Differentiable programming for gradient-based machine learning

I'm going to say something that isn't particularly relevant to the discussion occurring on this thread. Thus, we should make a new thread under Development to discuss it further. It would be helpful to plan for its implementation now instead of waiting until this SE proposal is implemented into release toolchains.

Pitch for a new thread

Making Array, Optional, Float, etc. differentiable is not part of this SE proposal, but I imagine it will come in a subsequent one. There is still a lot to decide, such as what convention we'll go by for differentiating functions that have jump discontinuities. I discussed the idea of pretending we're differentiating the raw assembly instructions with @scanon. As for Array, there are many more collection types that could be differentiated. There has been progress on a DifferentiableCollection protocol, which might be possible to merge if its blocking compiler crashers have been fixed. There are also many functions of floating-point types that do not have derivatives, and a vulnerability in their test suite that allows manual derivatives to not propagate the pullback.
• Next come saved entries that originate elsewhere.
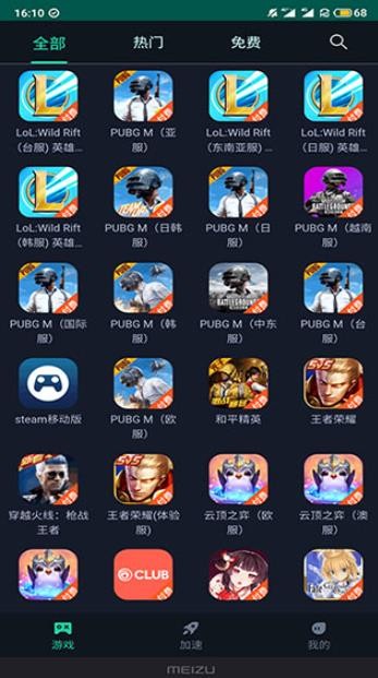 2、覆盖海外多个区服的加速节点,支持体验服、国际服、欧美服、亚服、日韩服、港澳台服。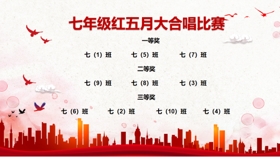 五月的校园,红歌飞扬,初心滚烫。以“五月红歌扬,初心永向党”为主题的合唱比赛在附中热烈开唱,青春与家国情怀在旋律中同频共振。此次合唱比赛,七、八年级学子用不同风格的曲目编织起对祖国的热爱图谱——既有《歌唱祖国》《我爱你中国》《我和我的祖国》等激昂旋律,让“五星红旗迎风飘扬”的自豪随歌声升腾;也有《紫荆花盛开》《在灿烂阳光下》等温润乐章,以“游子归乡的牵挂”“沐浴党恩的感恩”传递细腻家国情。《龙的传人》的豪迈、《这儿有扇窗》的清新、《五四特别版错位时空》的穿越感……少年们或铿锵有力或温柔坚定的歌声中,百年党史的波澜、新时代的朝气交织共鸣,汇成一片流动的“红色海洋”。
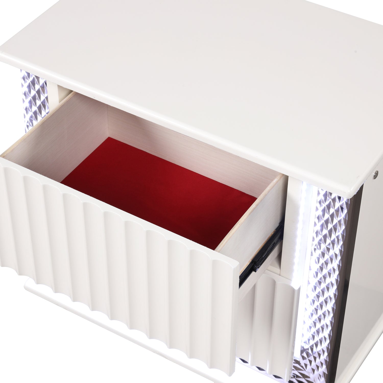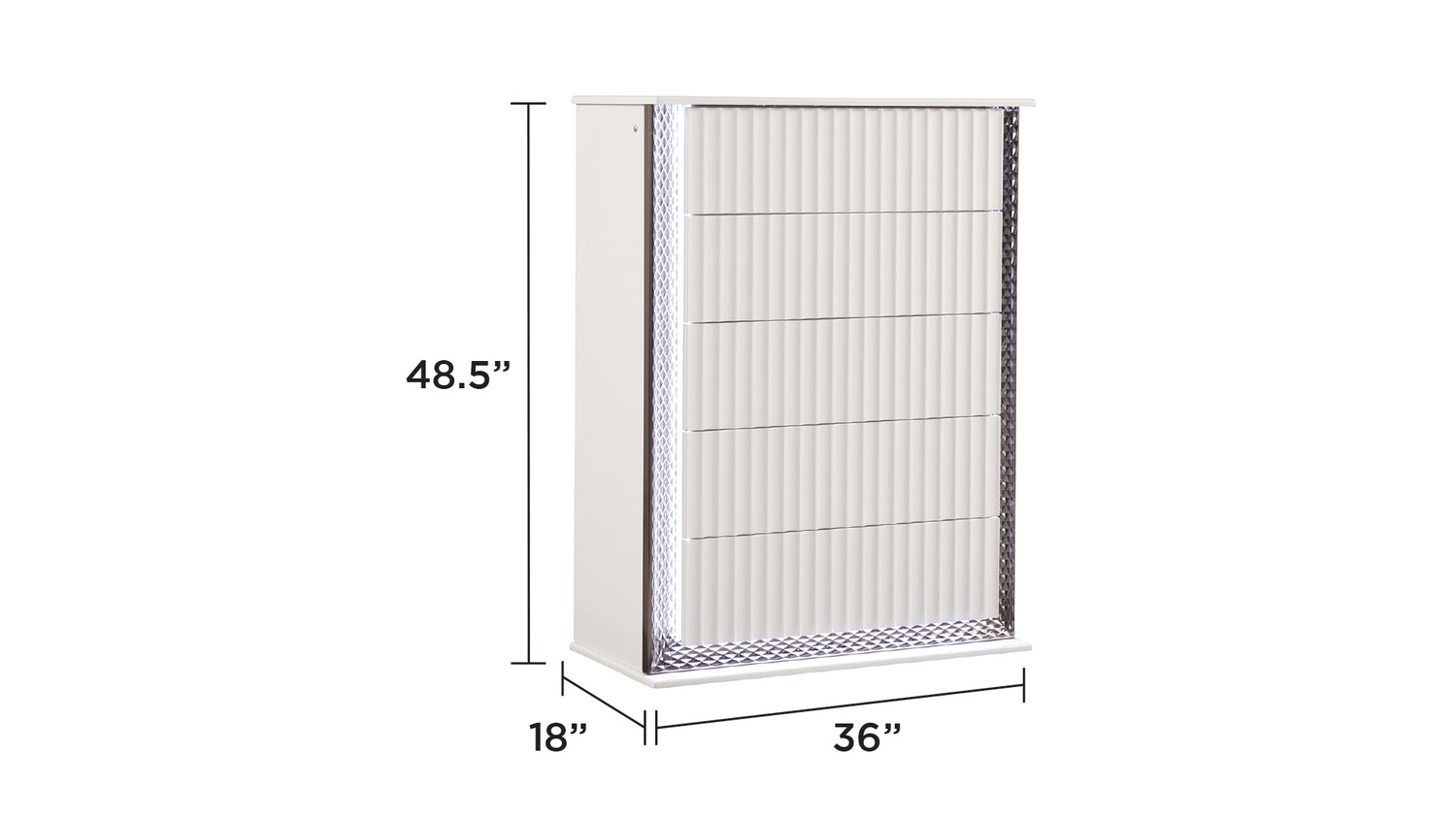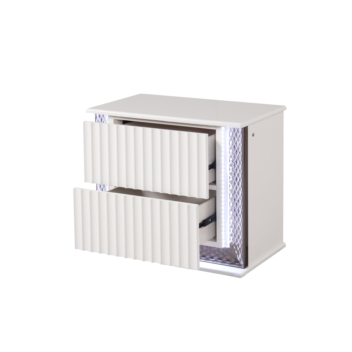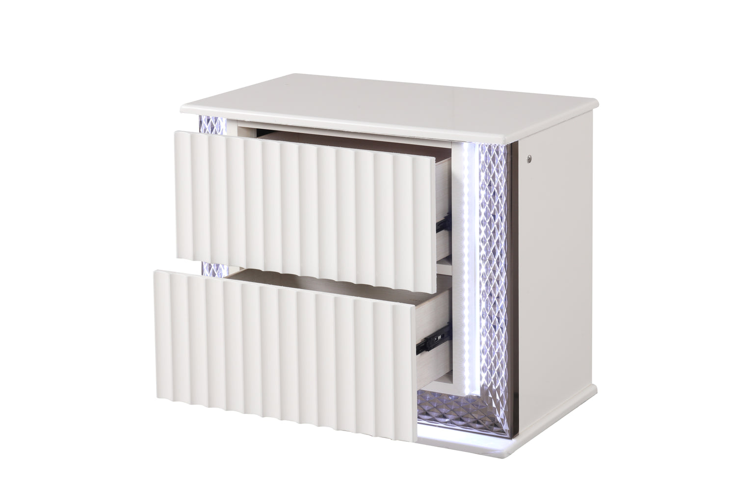 Fabio Contemporary Style Queen 5PC Bedroom set Made with Diamond-Shaped Side Accents, LED Lighting and Wood in White Finish (NJ INVENTORY)
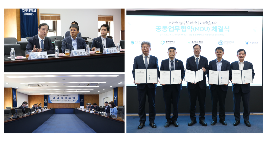 [대학저널 이선용 기자] 연세대학교 미래캠퍼스가 7월 4일 오전 10시 30분 대학본부 청파회의실에서 가톨릭관동대학교, 상지대학교, 송호대학교, 한라대학교와 ‘지역-대학 동반성장을 위한 대학총장 포럼을 개최했다.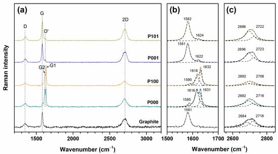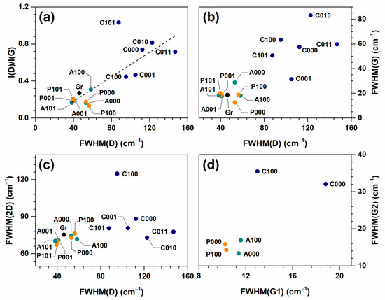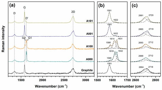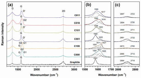 Raman spectroscopy may help reveal the defectiveness of the carbon materials, staging indices, and the amount of stacked graphene sheets in a layered graphene-like material [19,22,23,24]. Raman spectra of all samples are provided below (Figure 3, Figure 4 and Figure 5), and data obtained from the analysis are presented in Table 2 and Figure 6.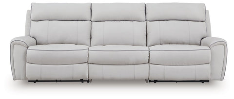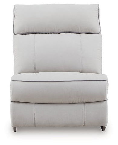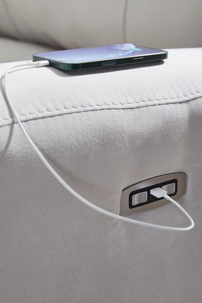 Smart, clean and ultra modern, this power reclining sectional is utterly in vogue. You'll love its indulgent cushions and contemporary bustle back styling. The sumptuous fabric, accentuated with contrasting welting, easily blends with your decor. A convenient console with storage and two cup holders keeps essentials handy. And with reclining at the press of a button, this modular sectional proves chic design and superb comfort go hand in hand.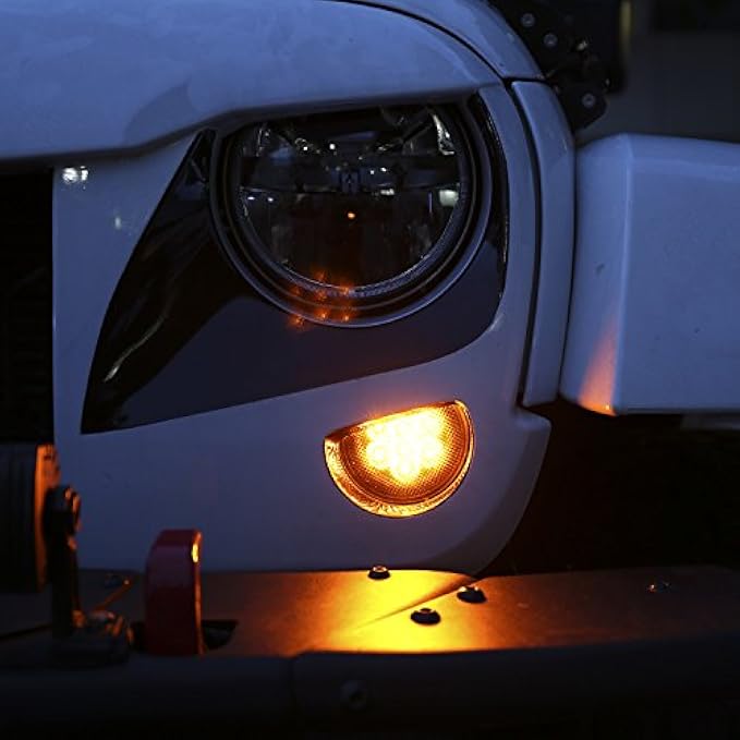 ➤ These JK turn signal lights are made of durable Light-Weight ABS plastic housing; Rust proof and shockproof. Light Source: LED Light, Lights are in Amber when turn on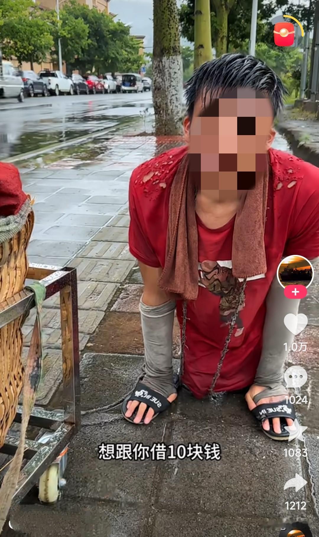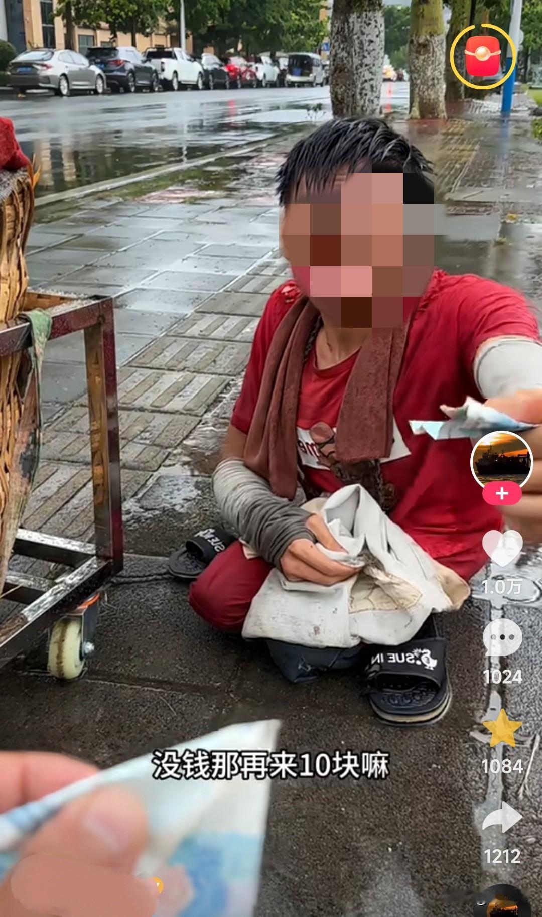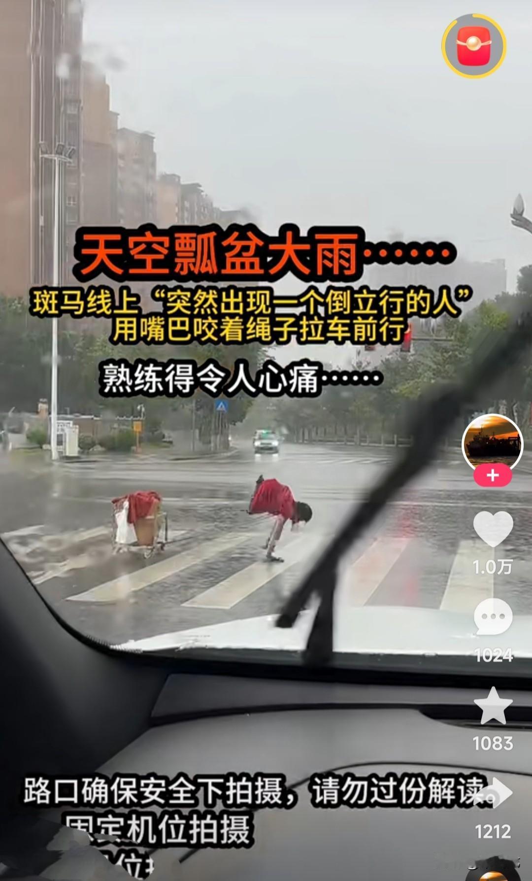 网友等待红灯时,看到一个没有双脚,双手倒立支撑着行走的男子,用嘴巴咬着绳子,拉着一辆小车走过斑马线。 当时下着小雨,男子没有打伞,当然,他也不可能打伞,全身都被浇透了。但男子并不在意,他熟练地咬着绳子,拉着小车走过斑马线。 显然,他是准备拉着货物去摆摊。 看着他为了生活努力奋斗的样子,网友深受感动,想着能不能为他做点什么。 网友将车停靠在路边,从后面追上男子:“兄弟,等一下,你需不需要帮忙?” “不需要。” 男子转头欲走,网友又叫住了他:“等一下,我想请你帮个忙,行不行?” “你要我帮你做什么?” “我刚才在那边吃了个面,但我出门的时候走得太急,钱包忘记带了。你能否借我10块钱,我回酒店取了就来还你。” “看你不像是没有钱的样子啊?”男子有点怀疑。 “是这样的,我是来这边旅游的,钱包忘在酒店里了。” “是来旅游的啊,那行,我借你10块钱。” 男子从车上拿出一个小包,从里面拿出10元递给网友。 “谢谢,谢谢,我待会拿了就来还你。” “你怎么回酒店呀,你又没装着钱,我再拿10元钱给你打车吧。” 男子又从包里掏出一张10元的票面递给网友。 网友不忍心再装下去了:“不用不用,我是跟你开玩笑的,我在那边就注意到你了,我跟过来,就是问问你需不需要帮忙?” 网友注意到男子的推车上拉着满满一车青芒,足有七、八十公斤。 网友将青芒全部买了下来,又邀请他一起去吃了顿快餐。 这段视频在网上引起了热议,有人说,这明显就是摆拍,年轻人哪里还有带现金的,都用手机支付了,网友这样做,明显就是为了赚取流量。 这种可能也许存在,但双脚残疾,为了生活努力奋斗的男子,确实值得我们感动和点赞。 就算是摆拍,网友也确确实实帮到了他,这点应该不假。 男子虽然身残但志不残,而且心地善良,有一颗高贵的灵魂。 每一个遭受苦难,但依然勇敢面对生活的人,都值得被世界温柔以待,希望男子一切都会好起来。 网络素材,如果存在侵权,请联系删除。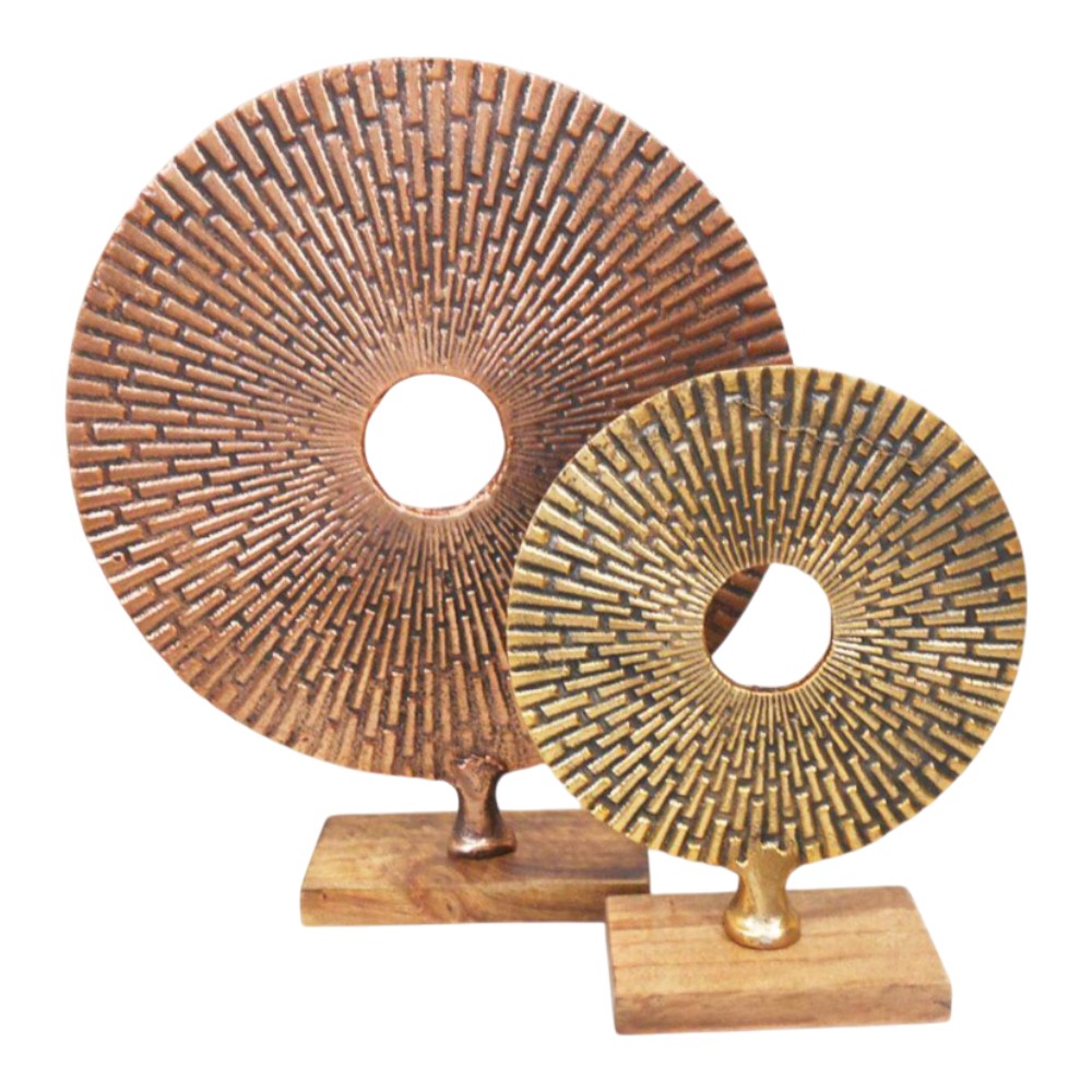This striking set includes two abstract disc sculptures in staggered sizes, both featuring a central cutout. The large disc has a textured, rustic copper finish, while the smaller one features a matching texture in an antique gold. Each piece is mounted on a solid, natural wood block base.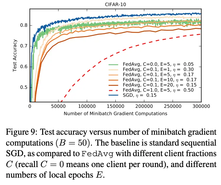 就是说,好像 FedAvg 的曲线比 SGD 的还要更稳定一些。这样的结论其实不负责任的,因为 FedAvg 在画这个图的时候,能够画的点要比 SGD 少很多,所以看起来曲线更加的平滑。这很大可能是因为作图的原因,而非真正的稳定性更好。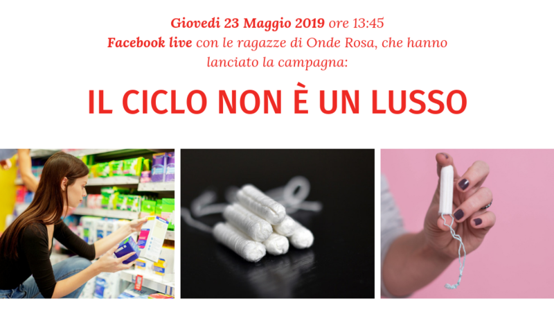 Bulletin d'alerte#StopTamponTax, il Ciclo è ANCORA un Lusso!Oggi alle 13.45 Facebook Live con le ragazze di Onde Rosa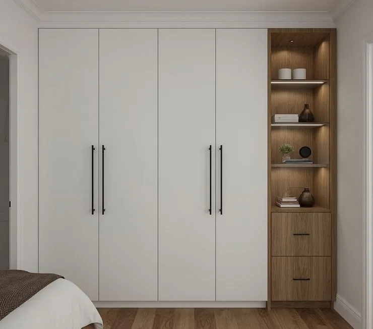 Полновысотный встроенный шкаф с гладкими матовыми белыми фасадами и контрастными черными ручками. Правая секция выполнена из теплого дубового шпона с открытыми полками и подсветкой, а также двумя выдвижными ящиками для хранения мелочей. Идеальное сочетание минимализма и уюта для современной спальни.

One more thing to discuss is the unofficial Differentiation Swift package, and its role in allowing differentiation of the Stdlib before a release toolchain officially supports that.

With my current skill set, I'm much more inclined to working on the standard library than helping push ABI stability forward. So I would be very interested in having another thread where we could exclusively discuss differentiation of standard library types. Is this discussion viable at the moment?